Homozygous variants in the HEXB and MBOAT7 genes underlie neurological diseases in consanguineous families

Abstract

Background: Neurological disorders are a common cause of morbidity and mortality within Pakistani populations. It is one of the most important challenges in healthcare, with significant life-long socio-economic burden. Methods: We investigated the cause of disease in three Pakistani families in individuals with unexplained autosomal recessive neurological conditions, using both genome-wide SNP mapping and whole exome sequencing (WES) of affected individuals. Results: We identified a homozygous splice site variant (NM-000521:c.445 + 1G > T) in the hexosaminidase B (HEXB) gene confirming a diagnosis of Sandhoff disease (SD; type II GM2-gangliosidosis), an autosomal recessive lysosomal storage disorder caused by deficiency of hexosaminidases in a single family.
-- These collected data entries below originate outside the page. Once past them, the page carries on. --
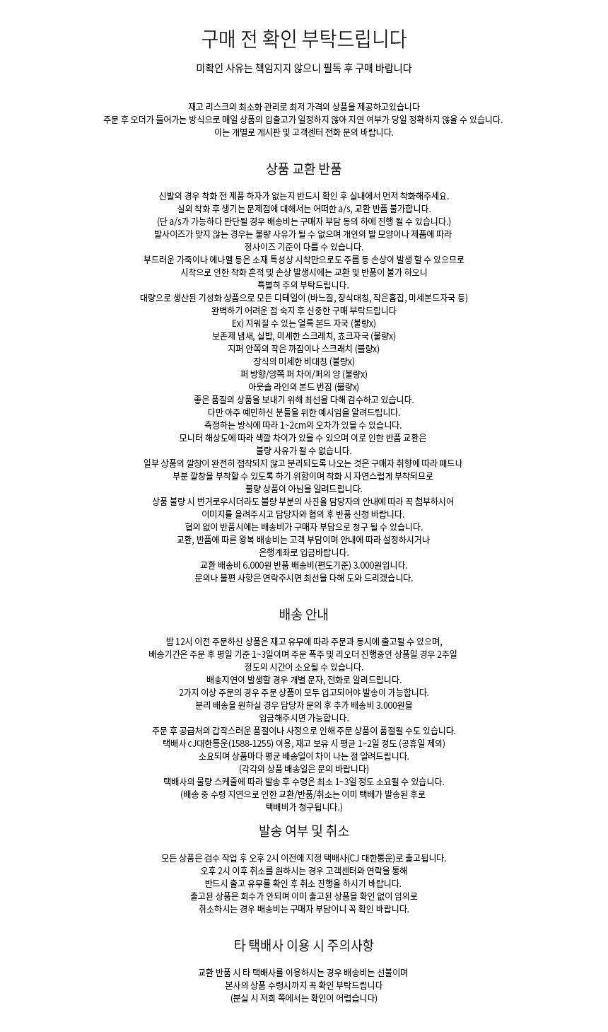 | 품질보증기준 | 공정거래위원회 고시 소비자분쟁해결기준에 따릅니다. |
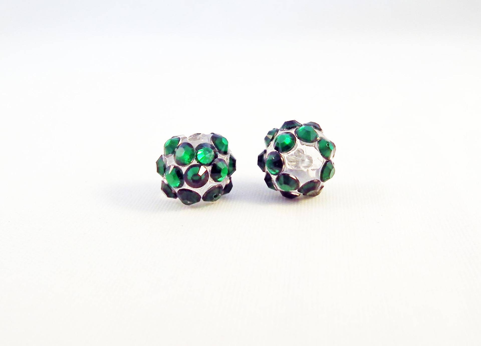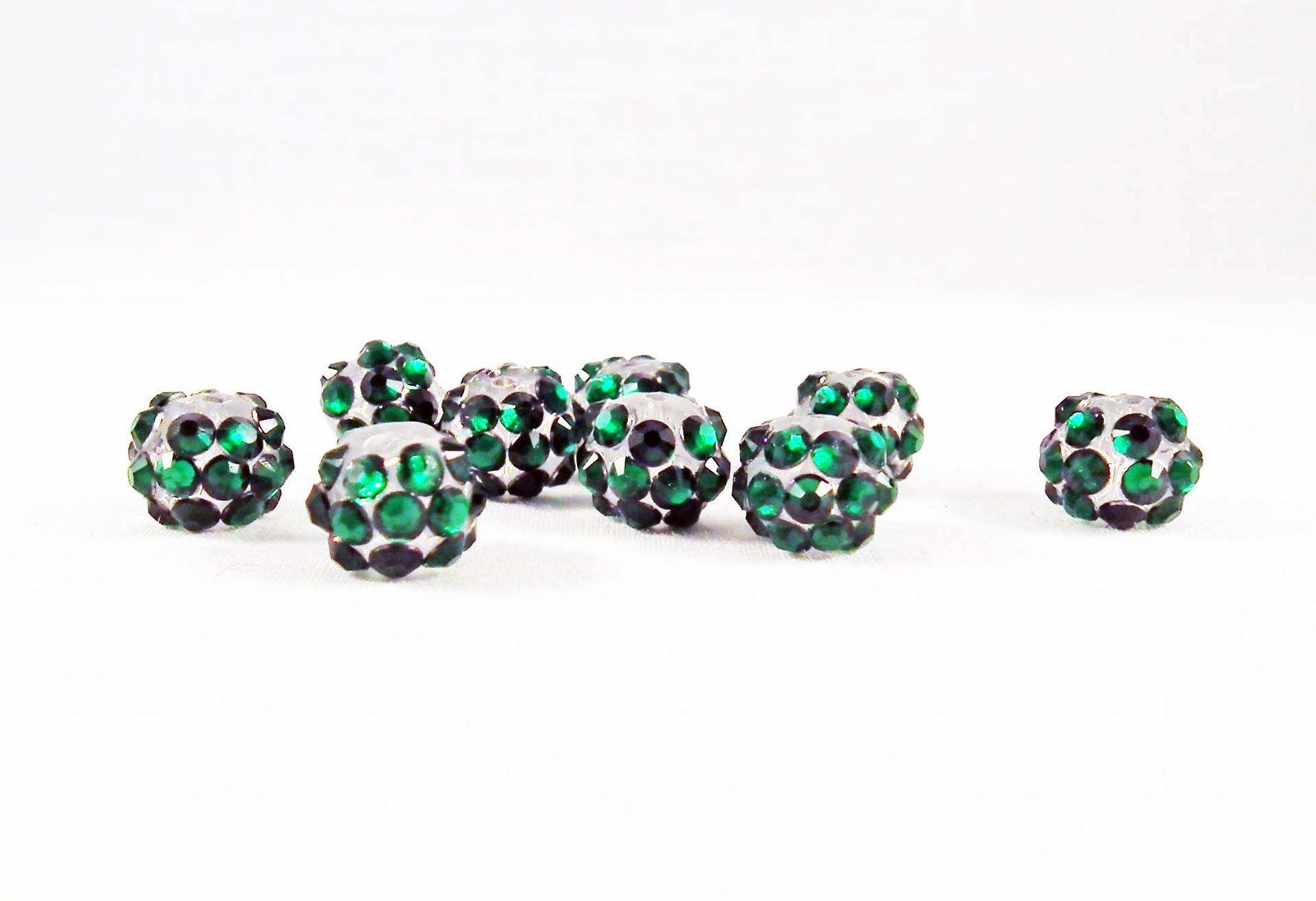 Lot de 2 Perles Rondes 10mm en Cristal de qualité Disco Shamballa Strass Bicolore Vert et Centre Blanc.
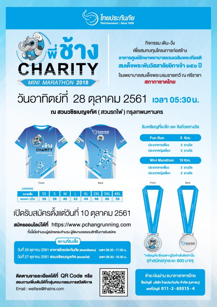 สำหรับผู้ที่สนใจเข้าร่วมการแข่งขันกิจกรรม เดิน – วิ่ง “พี่ช้าง CHARITY MINI MARATHON 2018” สามารถสมัครออนไลน์ได้ที่ http://www.pchangrunning.com ตั้งแต่วันที่ 10 ตุลาคม 2561 ค่าสมัครท่านละ 600 บาท โดยชำระเงินผ่านทาง ธนาคารทหารไทย ชื่อบัญชี บริษัท ไทยประกันภัย จำกัด (มหาชน) เลขที่บัญชี 011-2-65515-4 ทั้งนี้ผู้สมัครสามารถรับเสื้อวิ่งได้ในวันศุกร์ที่ 26 ตุลาคม 2561ณ อาคารไทยประกัน(ซอยหลังสวน) ตั้งแต่เวลา 08.30 – 17.00 น. และวันเสาร์ที่ 27 ตุลาคม 2561 รับได้ที่ สวนวชิรเบญจทิศ (สวนรถไฟ) ตั้งแต่เวลา 08.30 – 16.30 น. นอกจากนี้เพื่อเป็นการขอบคุณผู้เข้าร่วม เดิน – วิ่ง ทำบุญกับเราในกิจกรรมนี้ ทางบริษัท ไทยประกันภัย จำกัด (มหาชน) ได้จัดทำประกันภัยอุบัติเหตุฟรี ให้กับทุกท่านเป็นการพิเศษด้วย
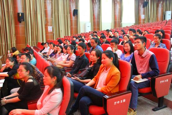 随后,优秀青年教师代表吴艳芳、吴锐、肖琼、黄武四位老师从学生管理、教育教学、团队合作以及个人成长经历四个方面进行了专题发言。吴艳芳老师提倡用“疏而不堵”的方式来解决学生早恋问题;吴锐老师讲述了自己从优柔寡断到成熟稳重的心路历程,告诉大家,团队协作和个人努力在其中的重要作用;肖琼老师结合自己的英语教学经历,以演讲的形式介绍了自己以及班级的成长与蜕变,给在座的各位上了一堂生动的“班主任岗前必修课”;黄武老师用幽默的语言讲述了自己奋斗的经历,告诉大家天道酬勤。四位老师精彩、走心的发言引来台下一阵又一阵热烈的掌声,气氛非常活跃。
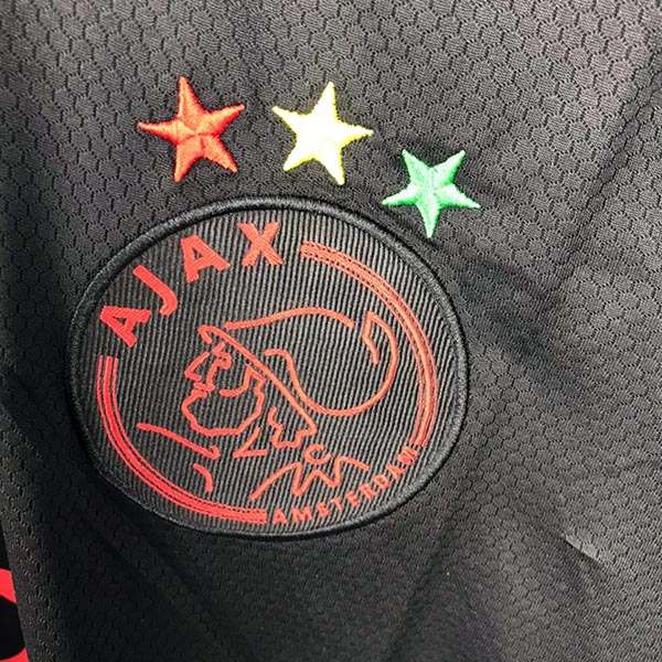 پیراهن سوم آژاکس 2022 به باب مارلی و آهنگ پر زرق و برق او اختصاص دارد: کاملا مشکی با لوگوهای قرمز ، به جز سه ستاره زیر نماد. همچنین برای یقه و سه خط آدیداس روی شانه از سه رنگ قرمز ، زرد و سبز استفاده شده است که رنگ Rastafarianism است. و در پشت پیراهن ، زیر یقه ، سه پرنده کوچک برای ادای احترام به باب مارلی بزرگ.
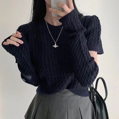 ニット セーター トップス レディース 半袖 半袖ニット 秋 冬 アームカバー付き ケーブル編み クルーネック アームウォーマー付き 2WAY 指抜き きれいめ シンプル カジュアル かわいい 無地

In two further unrelated families, we identified a homozygous frameshift variant (NM-024298.3:c.758-778del; p.Glu253-Ala259del) in membrane-bound O-acyltransferase family member 7 (MBOAT7) as the likely cause of disease. MBOAT7 gene variants have recently been identified as a cause of intellectual disability (ID), seizures and autistic features. Conclusions: We identified two metabolic disorders of lipid biosynthesis within three Pakistani families presenting with undiagnosed neurodevelopmental conditions. These findings enabled an accurate neurological disease diagnosis to be provided for these families, facilitating disease management and genetic counselling within this population. This study consolidates variation within MBOAT7 as a cause of neurodevelopmental disorder, broadens knowledge of the clinical outcomes associated with MBOAT7-related disorder, and confirms the likely presence of a regionally prevalent founder variant (c.758-778del; p.Glu253-Ala259del) in Pakistan.